_Exercise_
Print them exactly: the lines from the beginning of the entries below through the line that contains "Place a plate", and only those, with the pictures left out.

[Data records — start]

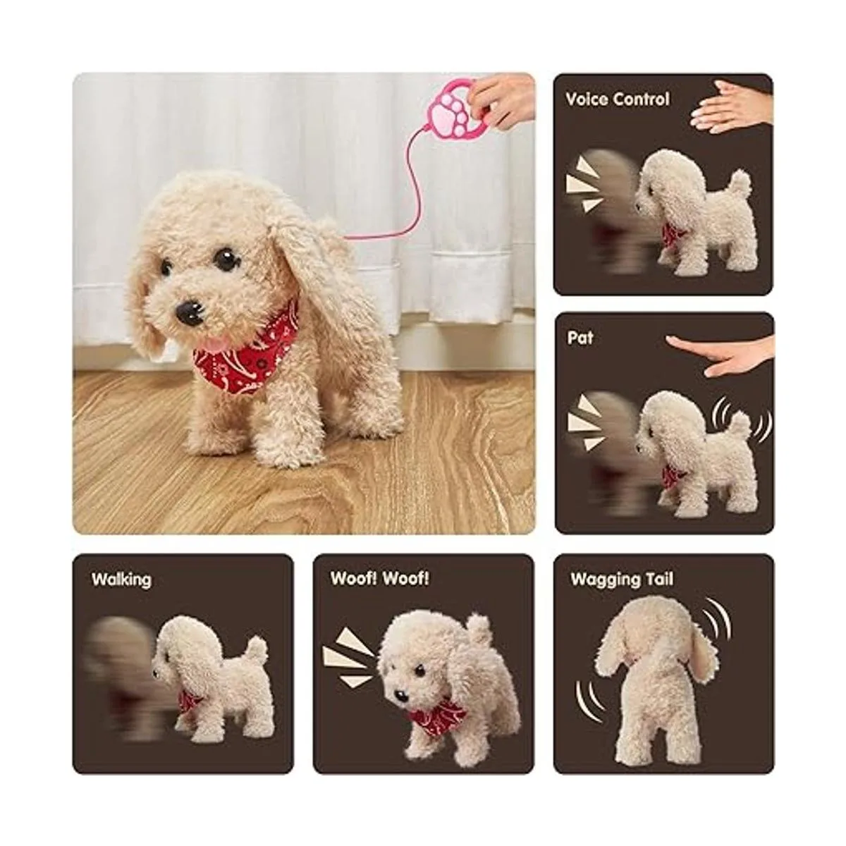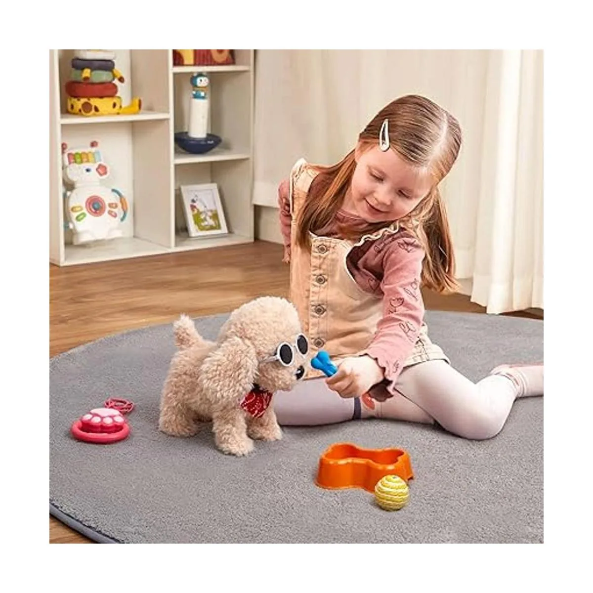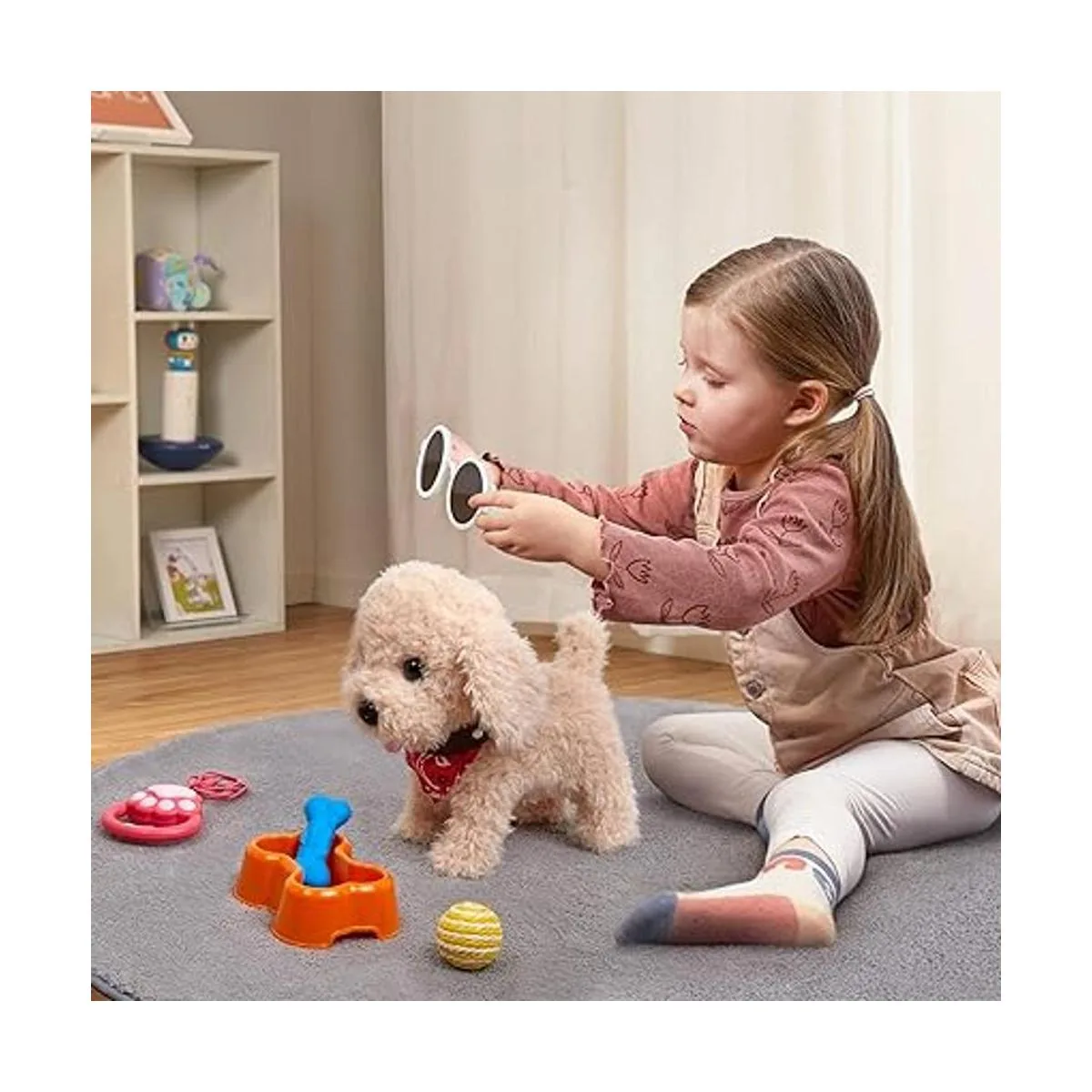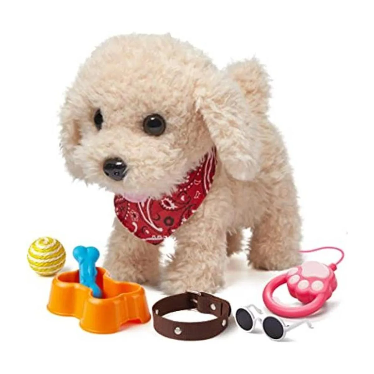 TUMAMA Juguete electrónico de peluche con control remoto, divertidos juguetes interactivos, paseos, ladridos, agitar la cola, vestir a perro de peluche realista, regalo para niñas y niños de 3 a 6 años
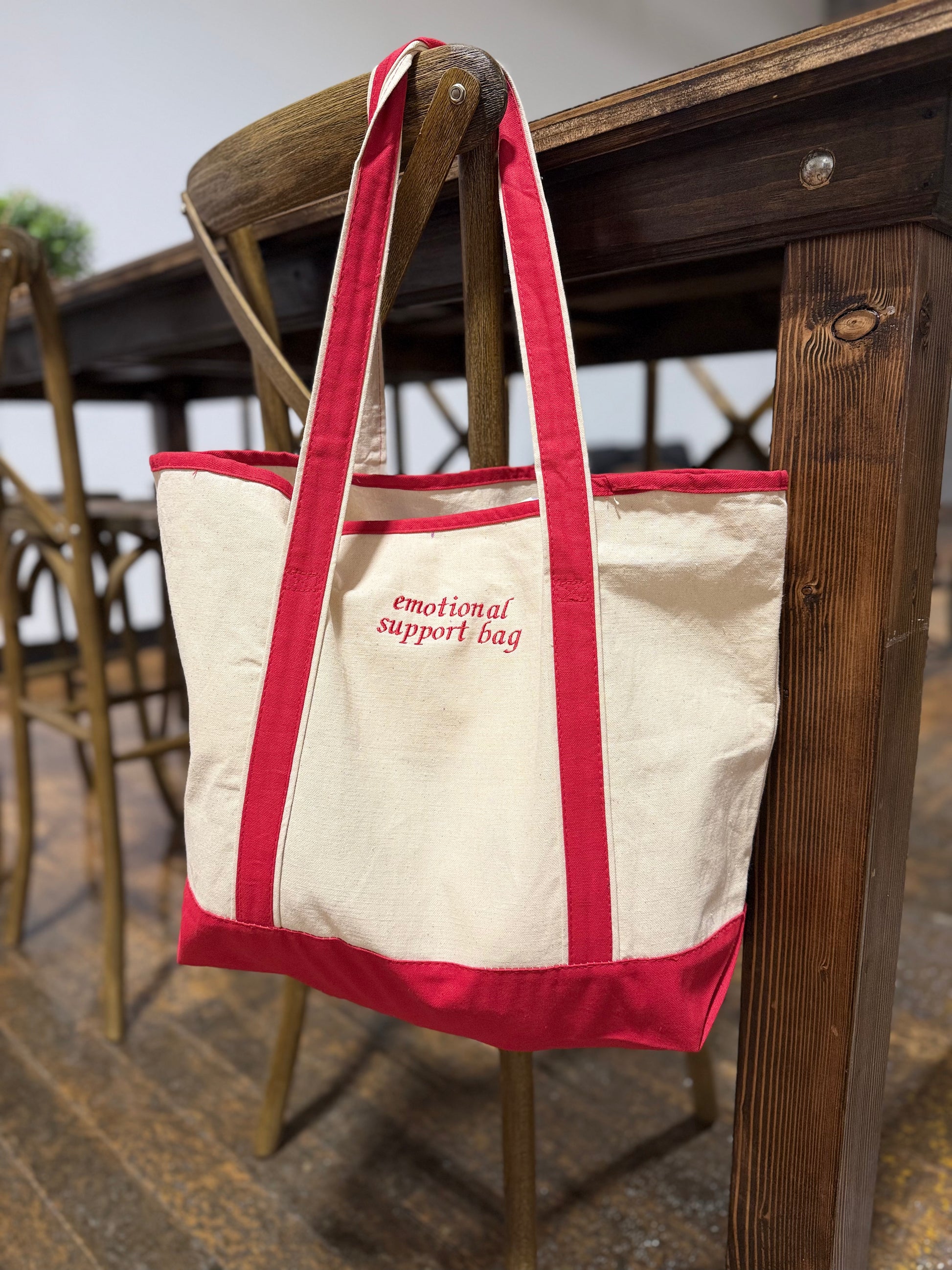 Need a little emotional backup? This embroidered Emotional Support Bag is here to carry your snacks, your errands, and your emotional baggage—literally.
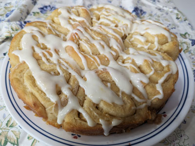 Place a plate over the baking pan and turn over. The rolls will be upside down so place another plate over top and flip over so that the rolls will now be upright. Drizzle the lemon cream cheese glaze over the rolls and serve.
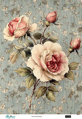 Ριζόχαρτο για Decoupage,Τριαντάφυλλα ρομαντικά vintage, 30×40εκ
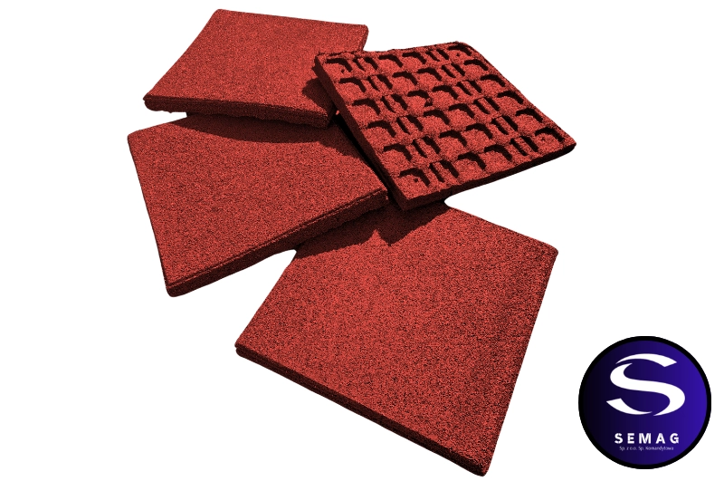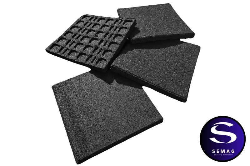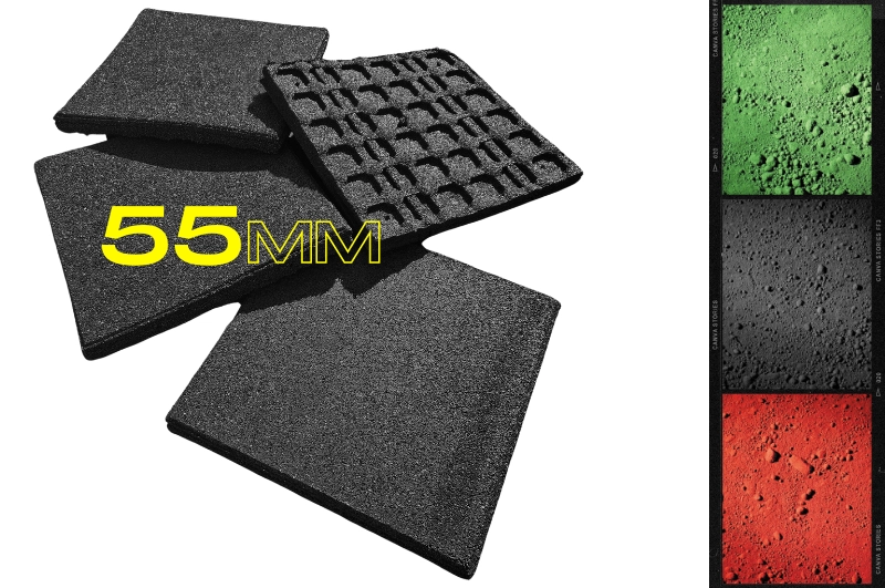 Klasyczne płyty SBR amortyzujące o grubości 55mm z pełnym spodem, łączone na kołki
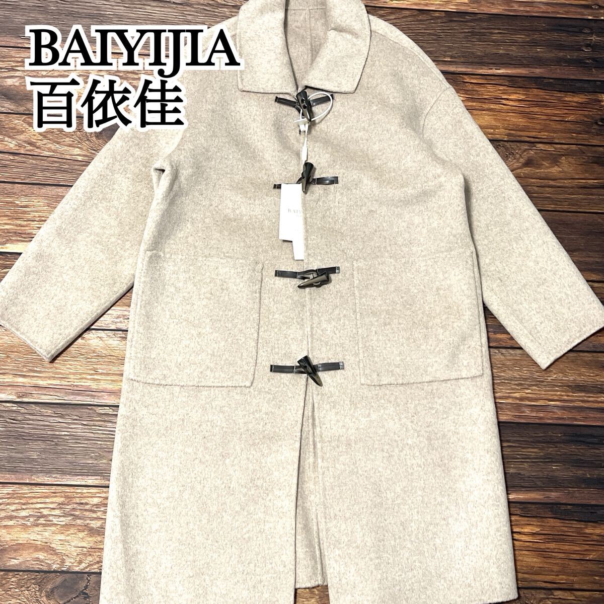> 新品 未使用 BAIYIJIA 百依佳 ダッフルコート コート 秋冬 ウール レディース アウター ロング丈 ポケット付 海外製 レア ピンクベージュ L
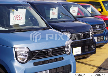 中古車イメージ 販売店に並ぶ車 ホンダの軽自動車

[Data records — finish]

_Task output_
 TUMAMA Juguete electrónico de peluche con control remoto, divertidos juguetes interactivos, paseos, ladridos, agitar la cola, vestir a perro de peluche realista, regalo para niñas y niños de 3 a 6 años
 Need a little emotional backup? This embroidered Emotional Support Bag is here to carry your snacks, your errands, and your emotional baggage—literally.
 Place a plate over the baking pan and turn over. The rolls will be upside down so place another plate over top and flip over so that the rolls will now be upright. Drizzle the lemon cream cheese glaze over the rolls and serve.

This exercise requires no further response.